Give the lines again exactly as they appear below, from the line with "另外,在五年期定存利率上,南" to the line with "Plastic doos die", both included, and only those lines. Leave every picture out.
BEGIN Data to process
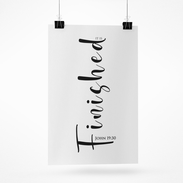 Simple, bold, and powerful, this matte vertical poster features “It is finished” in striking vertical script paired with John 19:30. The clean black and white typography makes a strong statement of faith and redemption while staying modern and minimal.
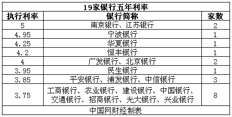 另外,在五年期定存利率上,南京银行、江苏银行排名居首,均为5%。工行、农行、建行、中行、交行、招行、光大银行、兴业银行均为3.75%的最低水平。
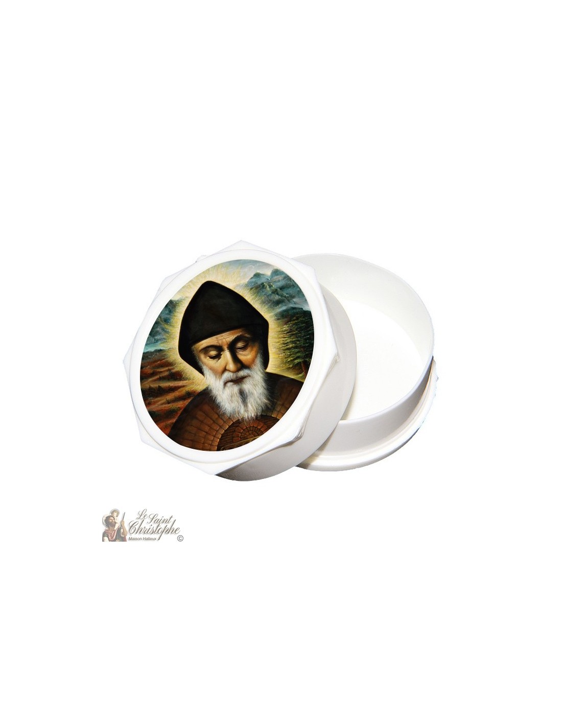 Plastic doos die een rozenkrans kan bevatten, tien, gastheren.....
END Data to process
BEGIN Data to process
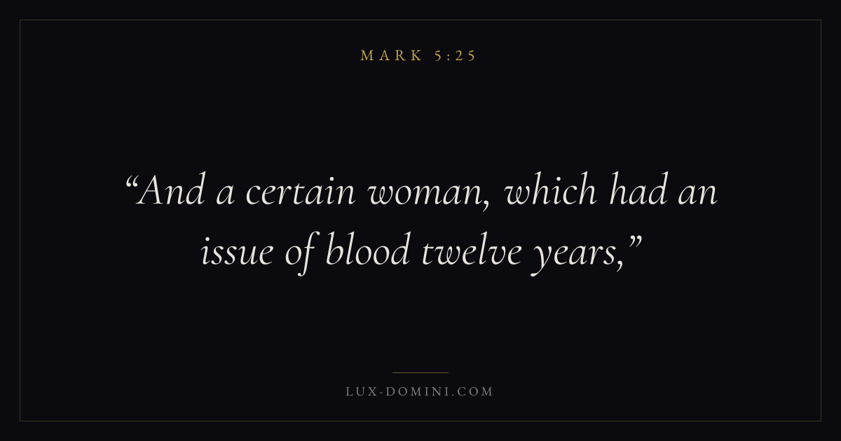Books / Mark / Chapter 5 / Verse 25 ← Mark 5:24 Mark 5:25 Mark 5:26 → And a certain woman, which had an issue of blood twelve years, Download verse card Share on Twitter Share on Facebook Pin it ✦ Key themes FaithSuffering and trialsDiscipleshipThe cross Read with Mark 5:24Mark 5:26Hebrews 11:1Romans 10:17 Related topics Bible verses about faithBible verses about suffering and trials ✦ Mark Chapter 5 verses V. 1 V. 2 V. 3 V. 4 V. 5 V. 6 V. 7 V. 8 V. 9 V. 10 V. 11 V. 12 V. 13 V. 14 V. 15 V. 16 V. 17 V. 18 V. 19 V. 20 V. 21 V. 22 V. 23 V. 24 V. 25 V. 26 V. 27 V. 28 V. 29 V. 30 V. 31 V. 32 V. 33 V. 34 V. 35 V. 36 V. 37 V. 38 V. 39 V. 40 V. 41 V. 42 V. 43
END Data to process
• [Answer to the problem]:
 另外,在五年期定存利率上,南京银行、江苏银行排名居首,均为5%。工行、农行、建行、中行、交行、招行、光大银行、兴业银行均为3.75%的最低水平。
 Plastic doos die een rozenkrans kan bevatten, tien, gastheren.....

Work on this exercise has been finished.